--- START ---

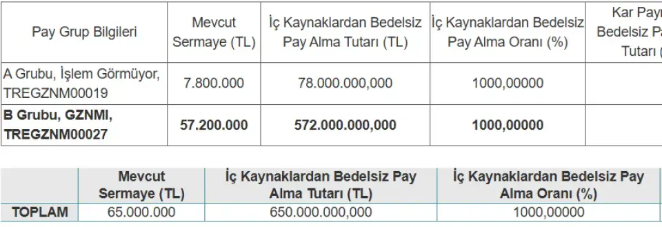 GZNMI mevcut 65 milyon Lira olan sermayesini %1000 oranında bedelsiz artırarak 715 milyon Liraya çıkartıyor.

--- END ---
--- START ---

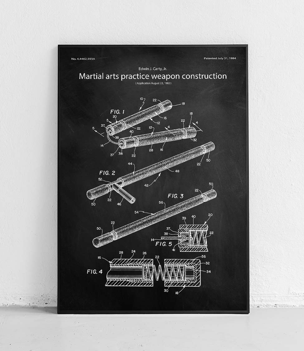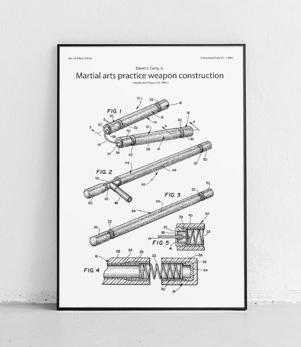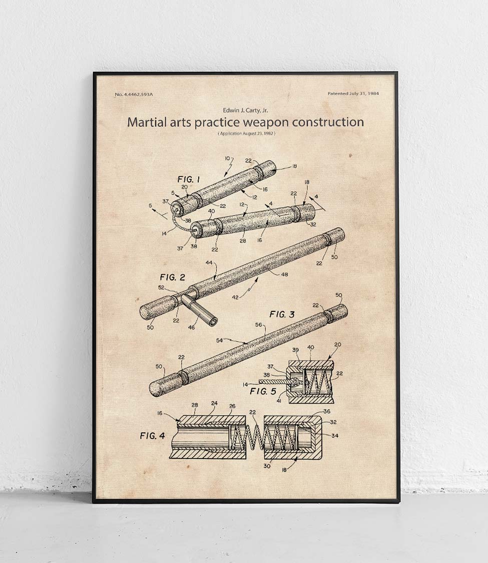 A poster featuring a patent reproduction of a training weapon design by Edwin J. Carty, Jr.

--- END ---
--- START ---

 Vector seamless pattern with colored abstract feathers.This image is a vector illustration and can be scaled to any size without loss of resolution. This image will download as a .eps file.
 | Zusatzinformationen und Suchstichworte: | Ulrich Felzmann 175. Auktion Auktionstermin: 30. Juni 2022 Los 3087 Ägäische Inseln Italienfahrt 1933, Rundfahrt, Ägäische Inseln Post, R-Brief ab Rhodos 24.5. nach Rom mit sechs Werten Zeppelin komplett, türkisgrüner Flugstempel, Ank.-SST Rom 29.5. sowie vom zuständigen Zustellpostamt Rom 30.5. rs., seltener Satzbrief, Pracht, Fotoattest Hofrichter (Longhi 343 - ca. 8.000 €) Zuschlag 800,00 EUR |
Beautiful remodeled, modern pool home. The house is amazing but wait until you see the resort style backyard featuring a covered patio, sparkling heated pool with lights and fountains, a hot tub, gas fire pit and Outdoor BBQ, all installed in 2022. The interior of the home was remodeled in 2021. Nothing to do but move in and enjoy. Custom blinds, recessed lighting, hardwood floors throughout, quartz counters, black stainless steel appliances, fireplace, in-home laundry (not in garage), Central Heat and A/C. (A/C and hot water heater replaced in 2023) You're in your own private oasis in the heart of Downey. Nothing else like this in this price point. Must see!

--- END ---

### WORK REQUIRED
Scan the entries above for the line containing "Vector seamless pattern", and copy it and all lines after it exactly, down to and including the line containing "800,00 EUR |".

### WRITTEN SOLUTION
 Vector seamless pattern with colored abstract feathers.This image is a vector illustration and can be scaled to any size without loss of resolution. This image will download as a .eps file.
 | Zusatzinformationen und Suchstichworte: | Ulrich Felzmann 175. Auktion Auktionstermin: 30. Juni 2022 Los 3087 Ägäische Inseln Italienfahrt 1933, Rundfahrt, Ägäische Inseln Post, R-Brief ab Rhodos 24.5. nach Rom mit sechs Werten Zeppelin komplett, türkisgrüner Flugstempel, Ank.-SST Rom 29.5. sowie vom zuständigen Zustellpostamt Rom 30.5. rs., seltener Satzbrief, Pracht, Fotoattest Hofrichter (Longhi 343 - ca. 8.000 €) Zuschlag 800,00 EUR |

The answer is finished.